Sunday, June 16, 2013
Kabuse-cha (かぶせ茶)
I'm very familiar with gyokuro. Grew up with that as the only green tea drunk in the household. Oddly the family isn't fond of matcha. So while I was trained in that art of making matcha for a koicha or an usucha, it wasn't often drunk at home. Now, if you place the leaves in front of me, I can quite easily differentiate between the usual sencha, kabuse-cha and gyokuro. Sencha itself is more about the tea- the cultivation and processing, the manner of preparation and the selection of water, and not so much of chanoyu, which has been said to focus on everything else but the tea itself.
Good sencha ('boiled tea') is hard to come by. One could buy online, but that's only after much trial and error to pick out the better shops from the mass-market-driven ones. My stocks are mostly sourced from Japan, sent over by the darling friends who either buy exactly what my list indicates, or be adventurous to send me additional items. Not keen on friends buying me all sorts of tea to try, unless they know what they're buying. Even for us who kinda know our teas, there's a 70% chance that the teas we purchase will be crap, unless we get to taste that particular batch prior. Thrilled that the girlfriends brought back so many teas for me from spring. All the exciting first flushes. One gifted me an excellent batch of kabuse-cha (かぶせ茶) from Uji, Kyoto from this spring.

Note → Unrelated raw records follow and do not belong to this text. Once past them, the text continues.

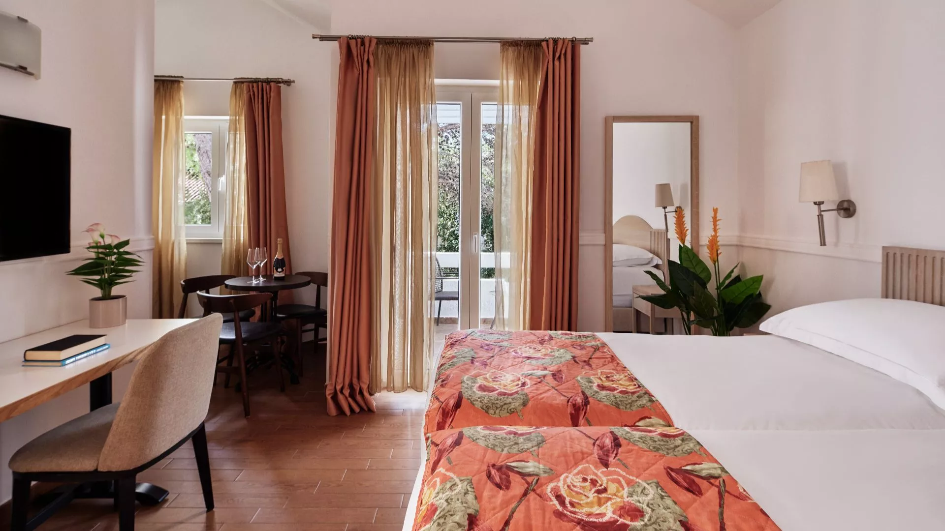 Ideális kisgyermekkel utazó családok számára, ez a 30 m²-es apartman egyszerre kínál kényelmet és magánéletet. A különálló, emeletes ággyal felszerelt gyerekszoba saját kuckót biztosít a fiatal vendégeknek, miközben a szülők a nyitott terű, franciaágyas hálószobát és a kompakt konyhát élvezhetik. A zuhanyzós fürdőszoba és a privát erkély tovább növeli a kényelmet. A modern felszereltség része a légkondicionáló, a Wi-Fi és a síkképernyős TV műholdas csatornákkal. A legfeljebb négy vendég számára tervezett apartman kiváló választás azoknak a családoknak, akik gondtalan, pihentető nyaralásra vágynak a dalmáciai Amadria Park Campingben.
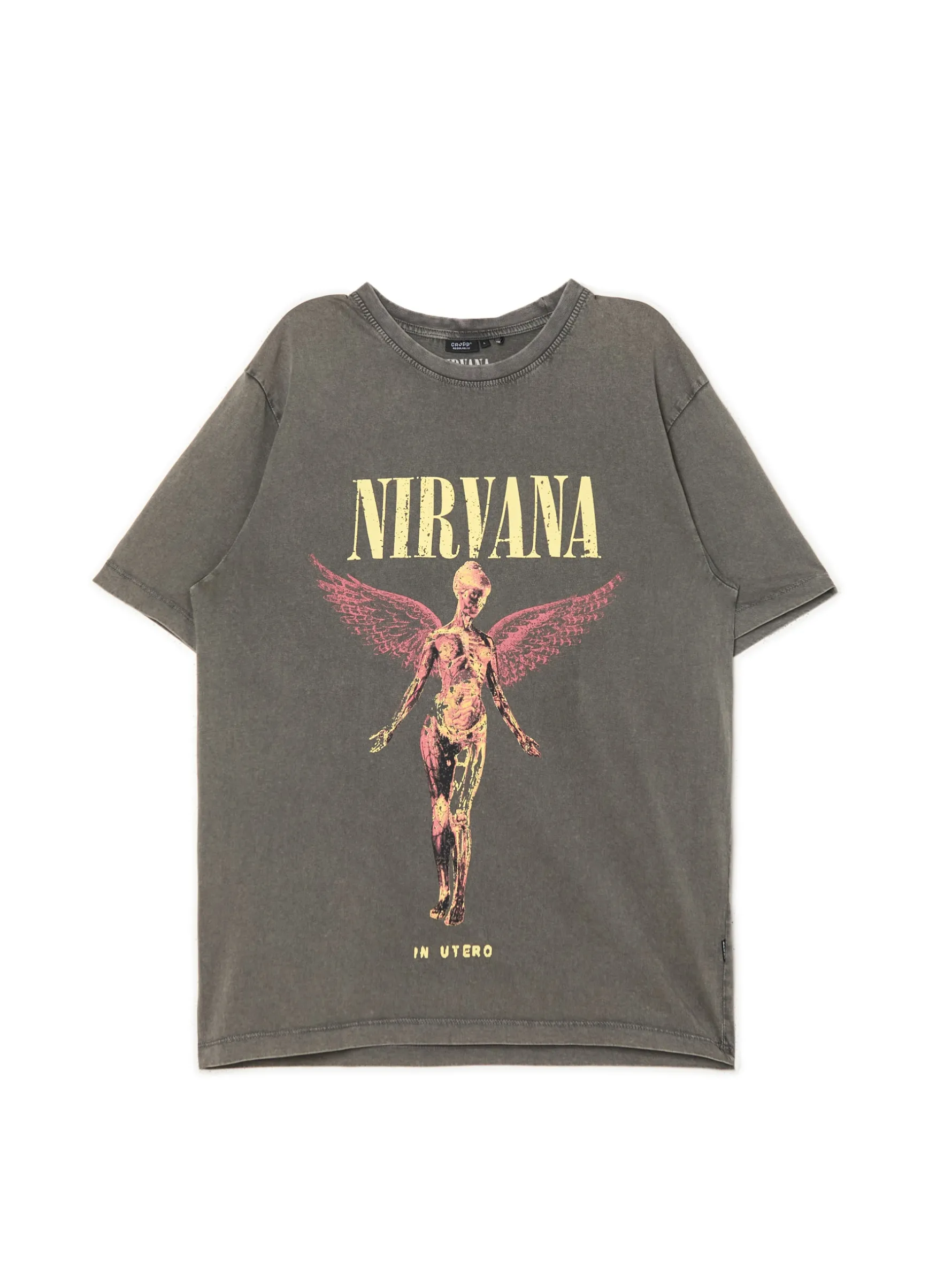Męski T-shirt o kroju regular, uszyty z bawełnianej dzianiny. Na przodzie duży, licencjonowany nadruk z grafiką okładki ostatniego albumu studyjnego zespołu Nirvana. 100% bawełny regularny krój krótkie, swobodne rękawy nadruk z muzycznym motywem Wzrost modela: 185 cm
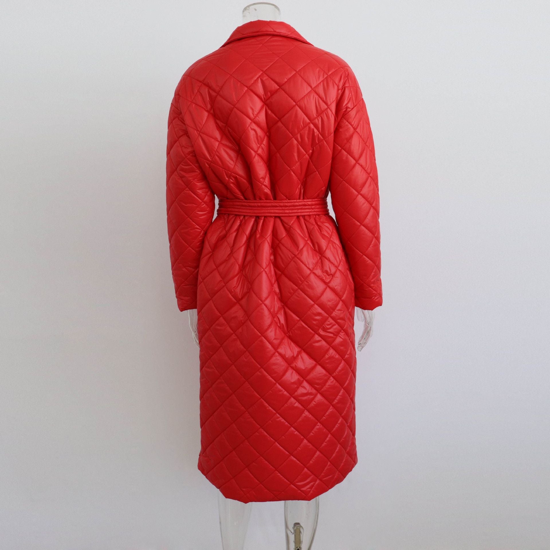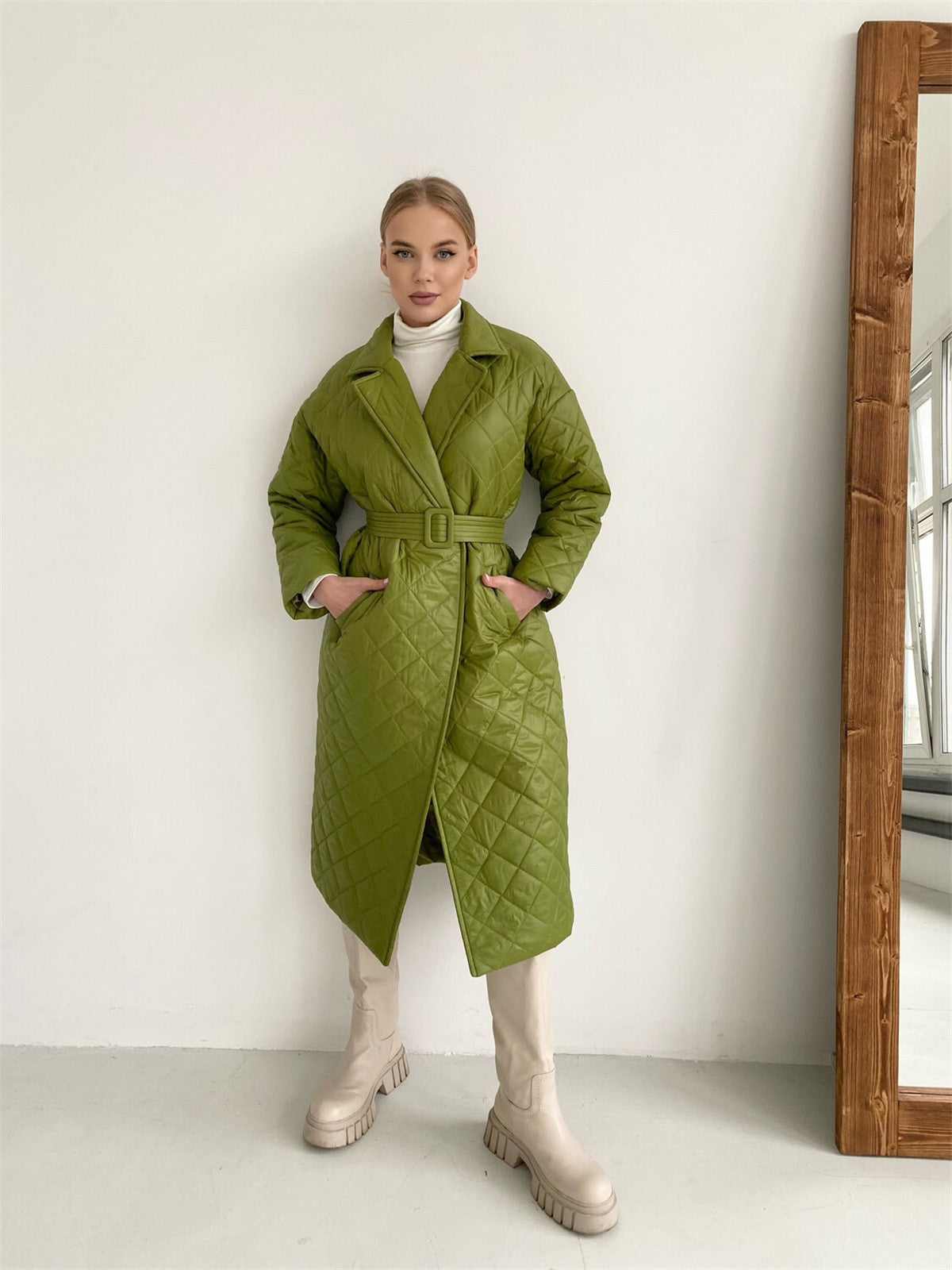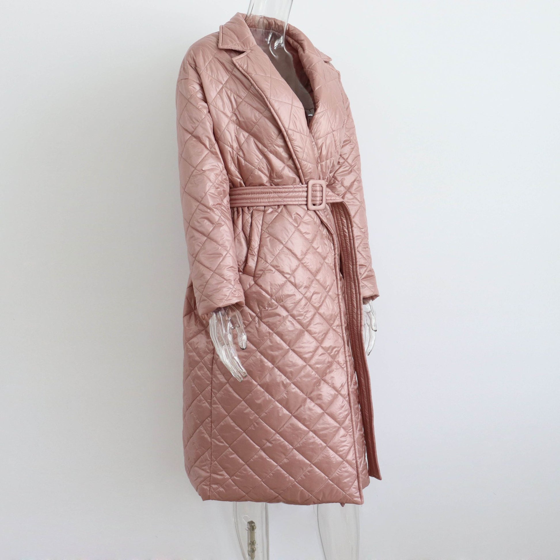 Cryptographic Fall Winter Long Sleeve Parkas Quilted Coats and Jackets for Women Warm Belt Trench Coat Warm Down Jackets Clothes

Excitedly brewed it specially to sit down with Kinfolk Volume Eight. The rich bright emerald green is gorgeous. Brewed it at a low 55ºC. The top-grade sencha, kabusecha, while sharing the same bush as the gyokuro, is slightly less shaded, but away from direct sunlight as well. Those run-of-the-mill sencha would be plucked from plants sitting under the sun.
As far as green tea goes, I'm partial to Japanese green tea. Not too keen on the rest. There's a certain seaweed, briny taste I'm looking for in a favorite. The aftertaste lingers sweet and beautifully complex. Such a treat.